The unsettling news of his disappearance surfaced following his failure to present himself at the Extension 2 Magistrate Court the preceding week. Speculation abounds that Ndovi may have sought refuge in South Africa in a bid to elude capture, prompting a widespread mobilization of law enforcement agencies to ascertain his current location.

In an official communiqué, Detective Senior Assistant Police Commissioner Selebatso Mokgosi of Interpol Gaborone disclosed Ndovi’s apprehension last September at the Tlokweng border, a capture made possible through the vigilant issuance of the Interpol red notice.

At 36, Ndovi is implicated in a case of alleged home invasion in Oman. Despite the non-existence of an extradition treaty between Botswana and Oman, Nomsa Moatswi, the Director of the Directorate of Public Prosecution (DPP), emphasized that the lack of formal extradition agreements does not hinder her office’s ability to entertain extradition requests.
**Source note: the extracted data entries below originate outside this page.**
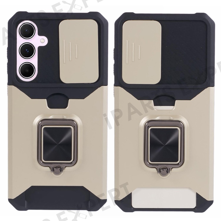 For Samsung Galaxy A55 5G Case PC+TPU Card Holder Phone Kickstand Cover with Slide Lens Lid - Gold
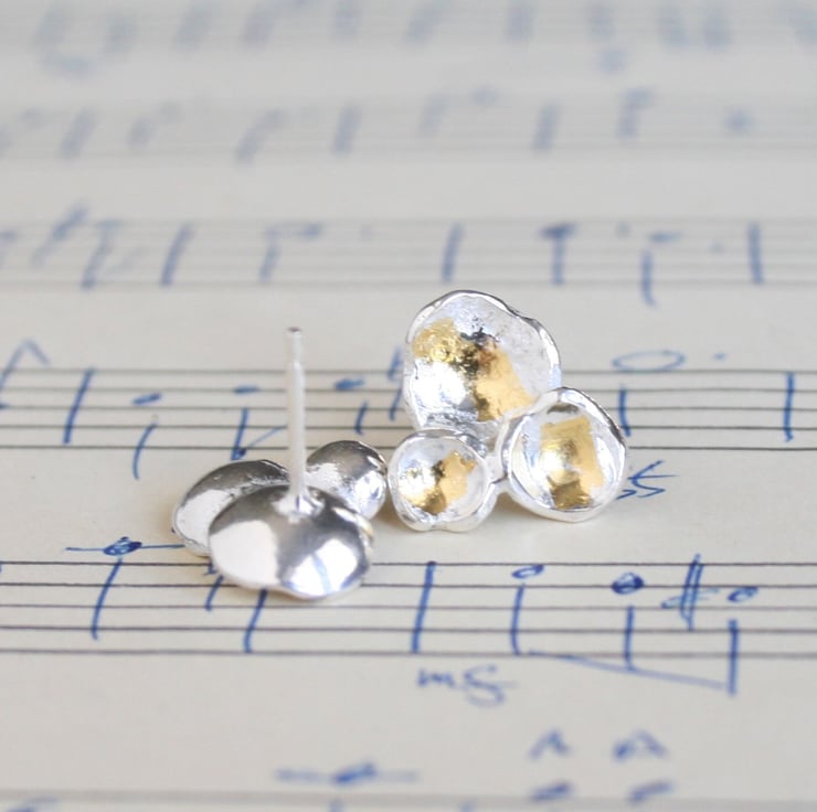 Handcrafted using recycled sterling silver and adorned with 24ct gold foil applied using the ancient Korean keum boo technique, these earrings combine natural textures with a subtle golden shimmer.
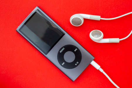 Mp3 red with headphones on a white background
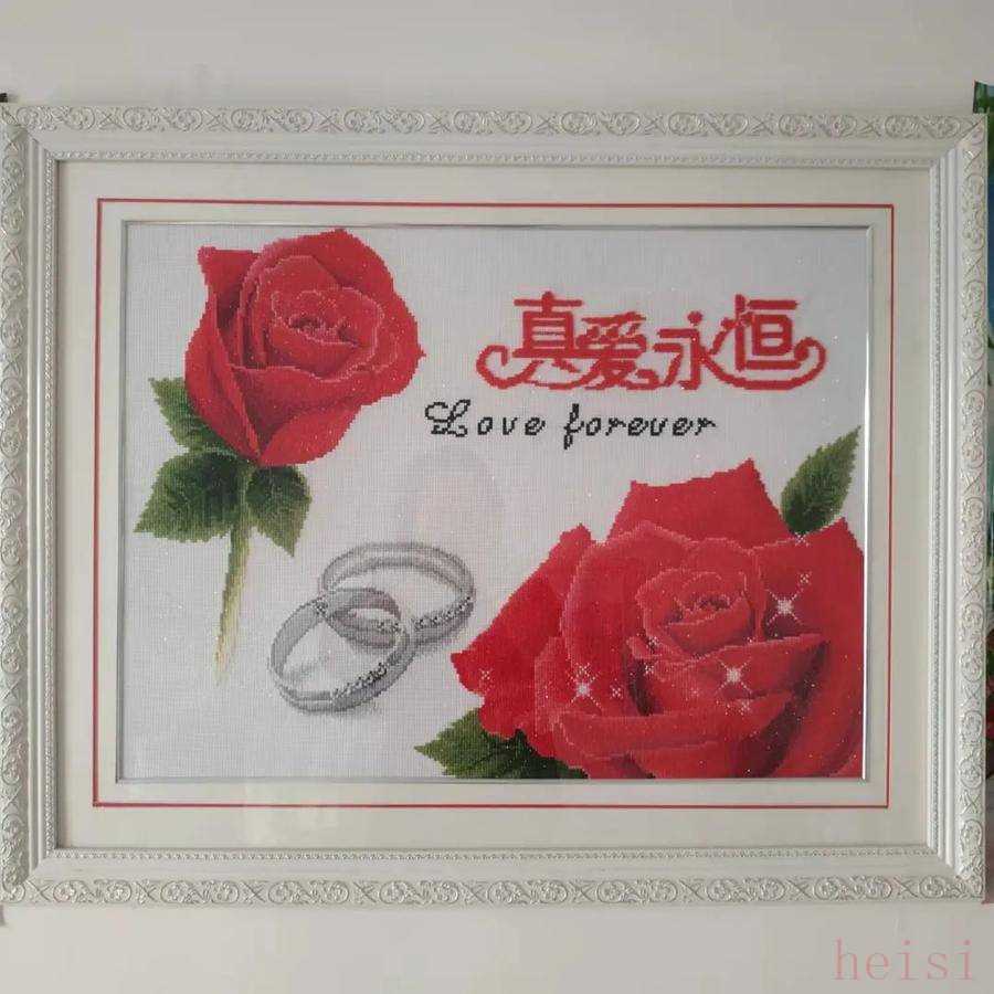 那是一家“ks品牌 十字繡”門店,店面并不大,十字繡品種卻不少,有風景的、花草的、人物的、動物的、卡通的,諸如此類等等,五顏六色。裝裱好的成品十字繡,或掛于墻上,或擺在門店門口,活靈活現(xiàn),栩栩如生。在眾多的十字繡圖案樣品中,一幅“真愛永恒”十字繡赫然映入我的眼簾,那是一幅由銀色框架裝裱好的十字繡成品,圖案由兩朵鮮紅的玫瑰花組成,一朵盡情盛開,一朵含苞待放,兩朵花兒中間有兩枚銀色的戒指,圖案右上方是用一顆顆鮮紅的小珠粒串起的“真愛永恒”字樣。鮮紅的玫瑰花象征著純真、浪漫、天長地久的愛情,這是一幅多么美好的圖案!
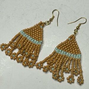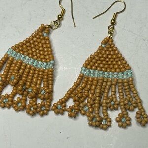 Elevate your style with these elegant beaded fringe earrings. The gold and blue beads create a captivating look, perfect for any occasion.
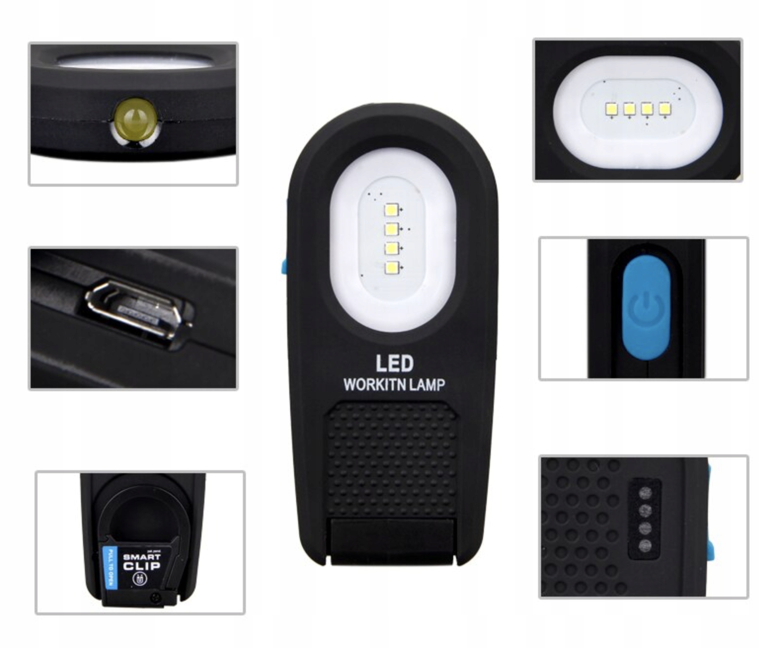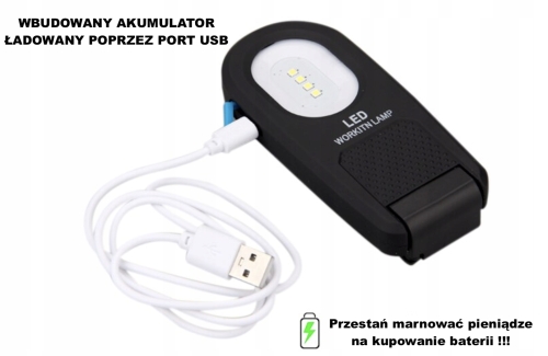 LATARKA LAMPA WARSZTATOWA SMD LED MAGNES HAK USB
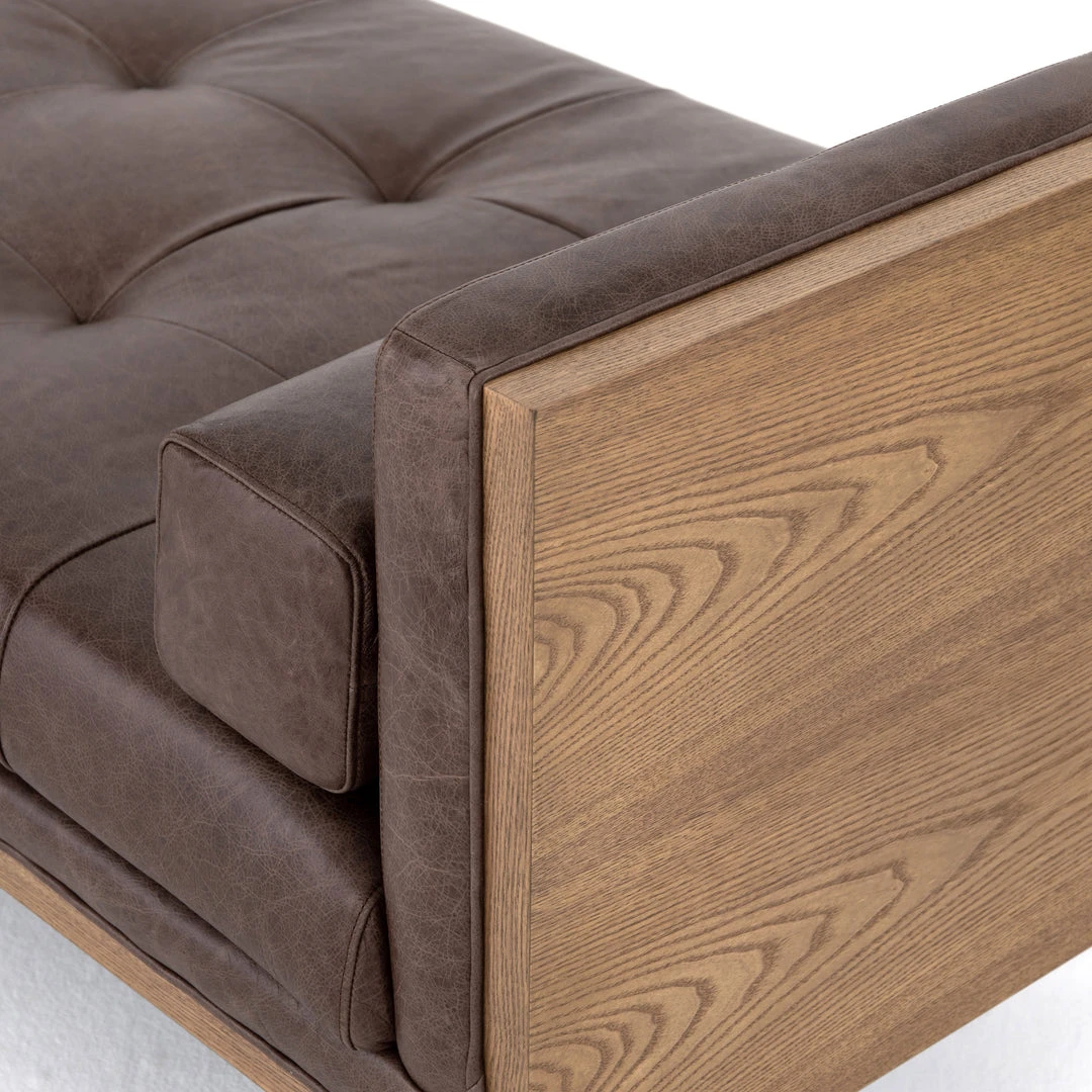 Four Hands showcases the Holden Chaise in Sonoma Coco delivering mid-century swank modernized by mixed materials. Toasted ash casing contains exclusive top-grain leather, cocoa in color and lightly tufted for comfort. Oxidized iron legs and lumbar pillows offer a forward-thinking finishing touch. Place the Holden in living spaces, bedrooms and entryways for stylish design and comfort.
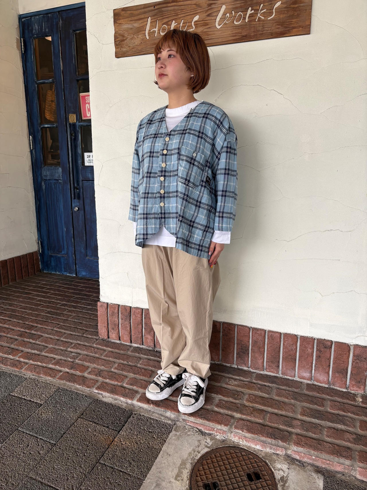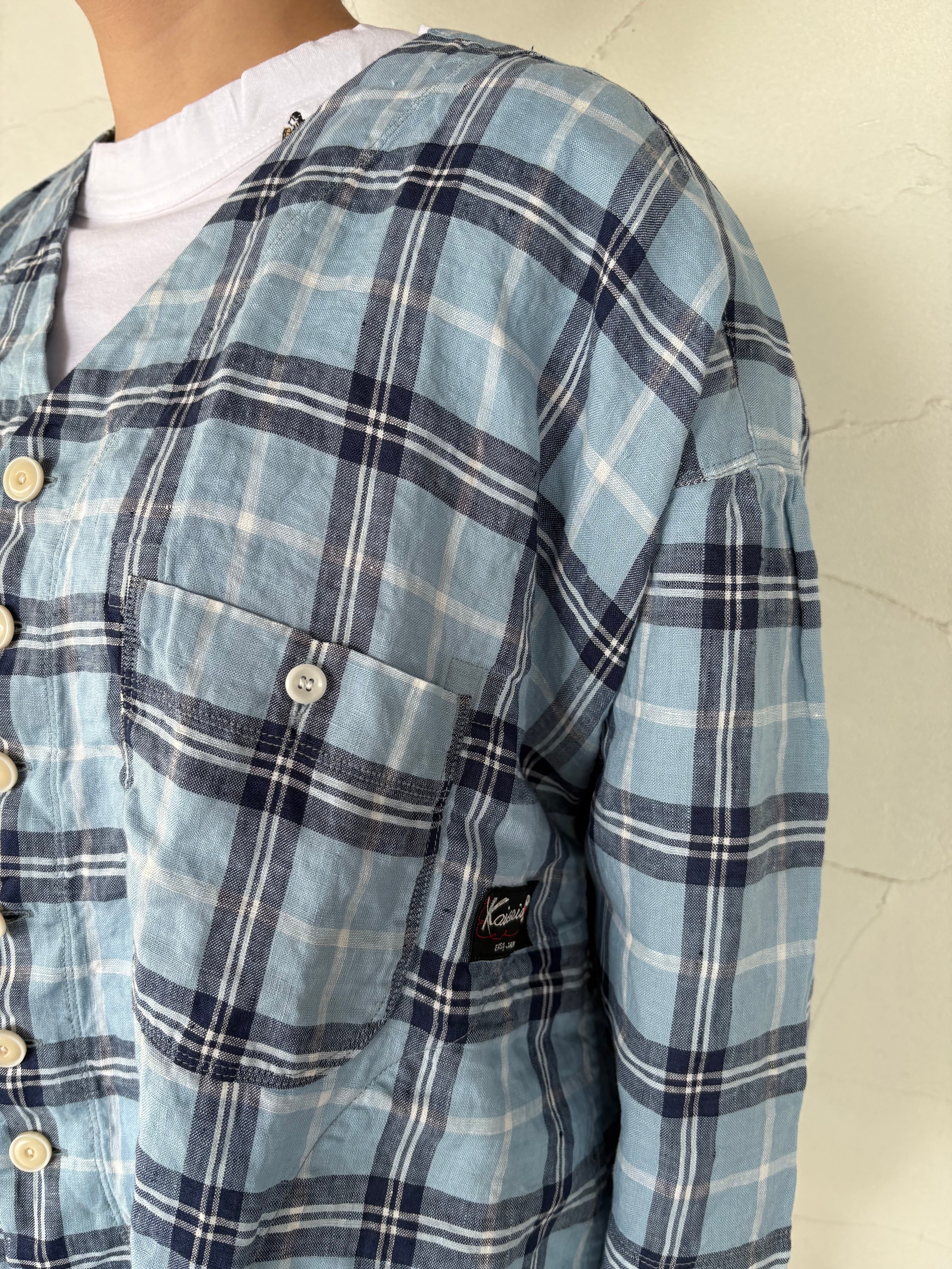 [快晴堂] “リネンタータンチェック ふわりカーディガン”
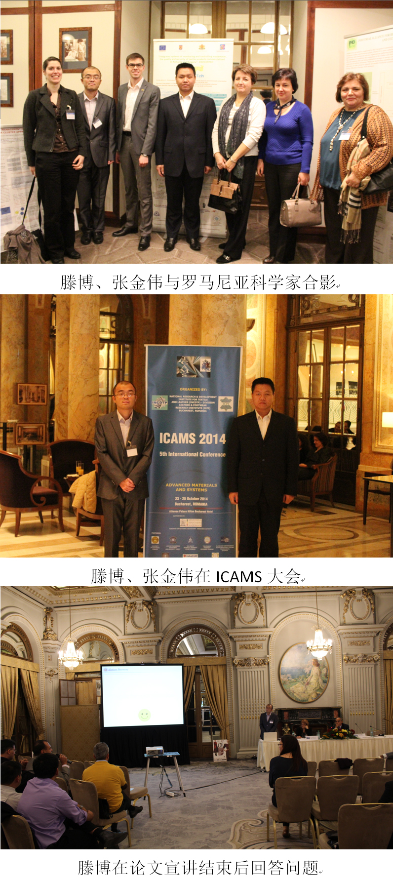 2014年10月22日至10月29日,bw必威西汉姆联官网陈武勇教授课题组博士研究生滕博,硕士研究生张金伟参加了由罗马尼亚国家皮革与纺织品发展研究院、布加勒斯特制革与制鞋研究中心以及罗马尼亚教育部主办的第五届先进材料与系统国际会议(5thICAMS)。并以大会宣讲及海报展示的方式展出研究论文4篇。
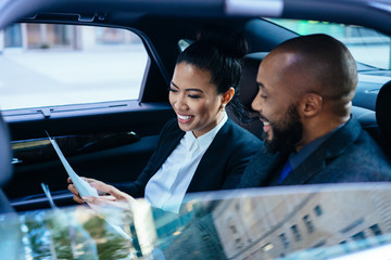Smiling woman texting in back seat of car with chat overlay and urban window view
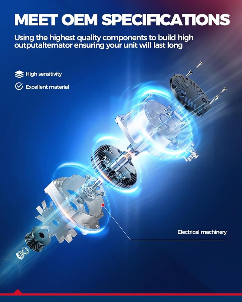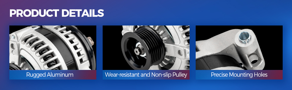 Upgraded Alternator : Alternators feature high-quality bearings with high-temp lubricant and double-lip rubber seals to reduce friction, vibration and noise; Rotors and stators calibrated and then sealed with secondary insulating coating to help prevent shorts.
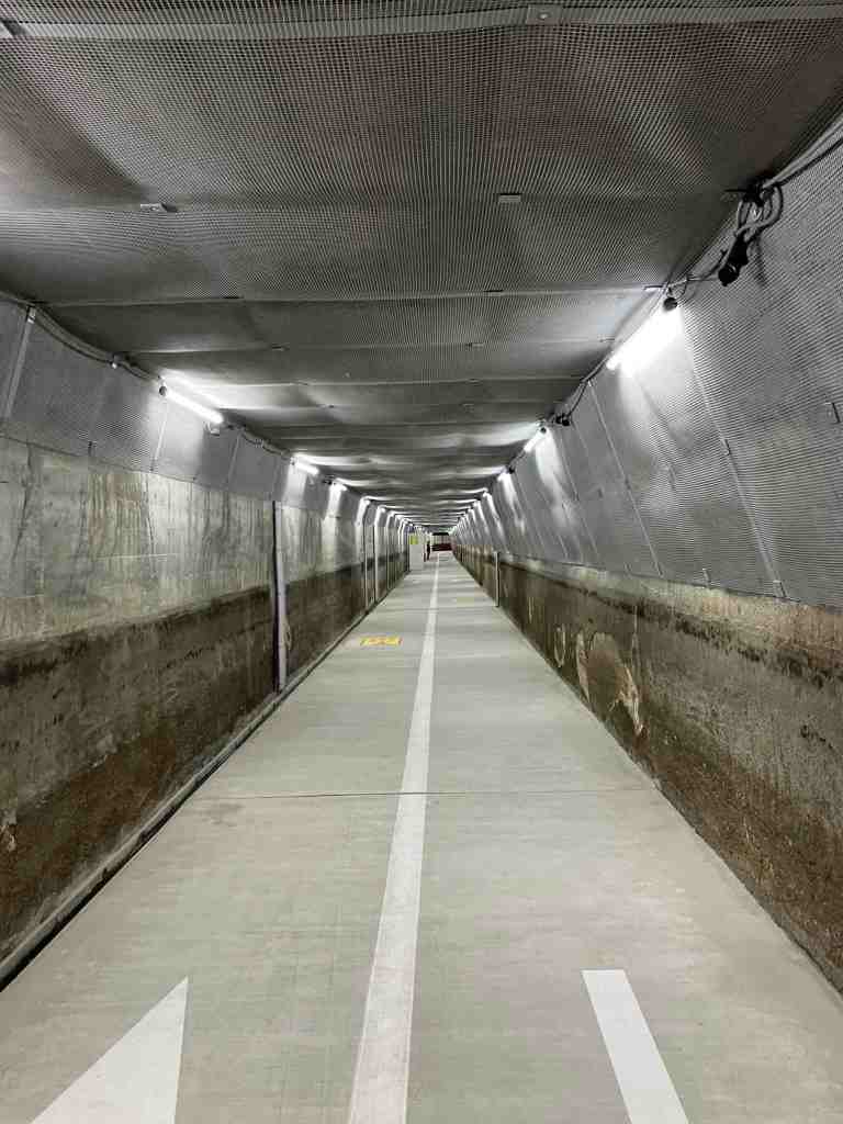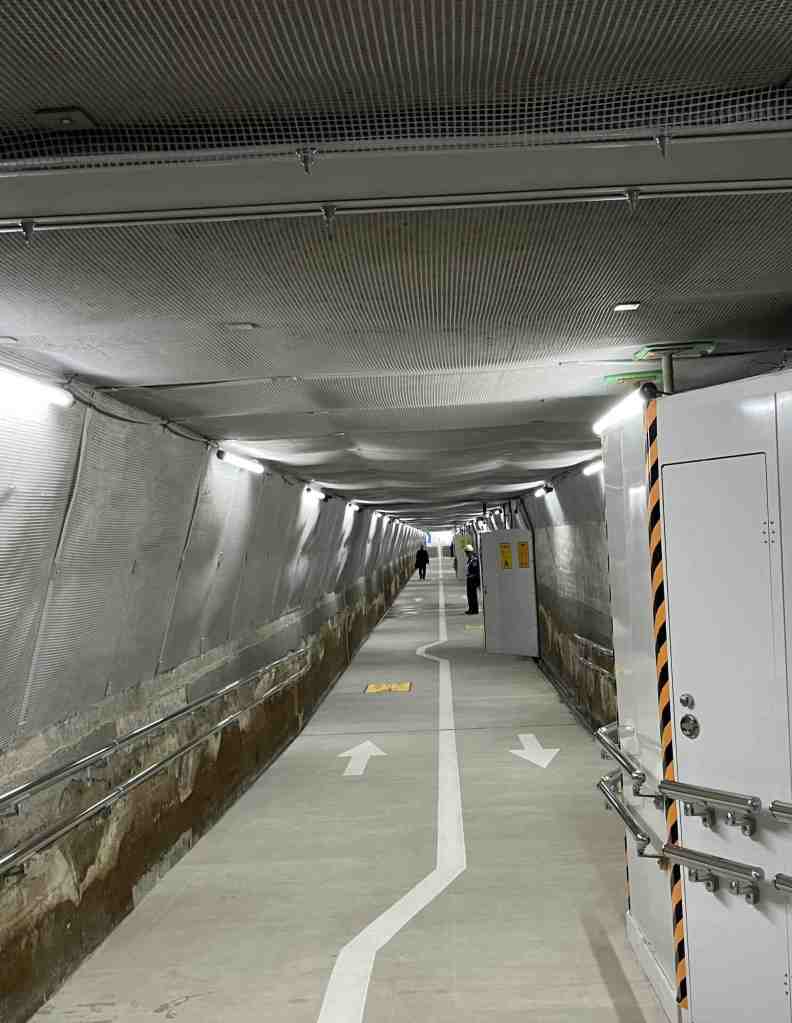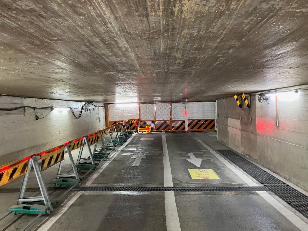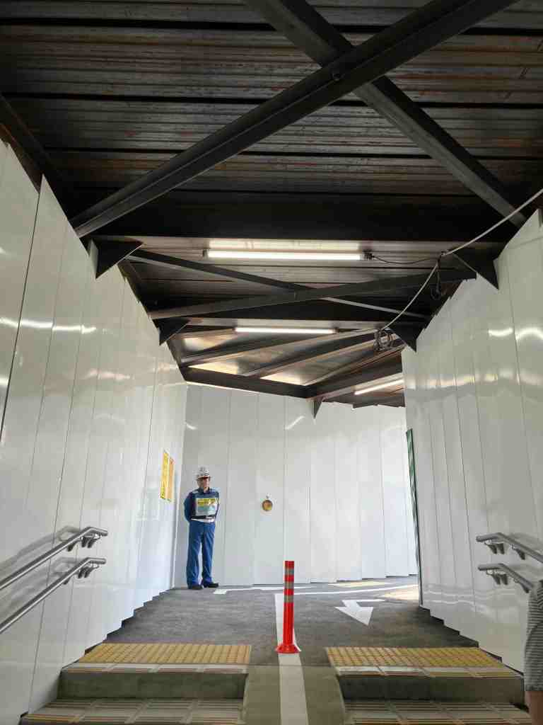 第二東西連絡道路整備工事の歩行者ルートが変更されています。今回の大きな変更点は旧放水渠内通路が整備され、通路の高さが約2.6メートルになったことです。これで屈んで通る必要がなくなりました。(一部、屈む必要があるところも残っていますが。)

She highlighted the adoption of international cooperation norms, advocating for collaboration through the lenses of international comity and reciprocity.

Moatswi disclosed the intensified effort by law enforcement to locate Ndovi following his no-show in court, and pointed to Botswana’s track record of extraditing two international fugitives from France and Zimbabwe in the previous year as evidence of the country’s relentless pursuit of legal integrity.

When probed about the potential implications of Ndovi’s case on Botswana’s forthcoming evaluation by the Financial Action Task Force (FATF), Moatswi reserved her speculations. She acknowledged the criticality of steering clear of blacklisting, suggesting that this singular case is unlikely to feature prominently in the FATF’s assessment criteria.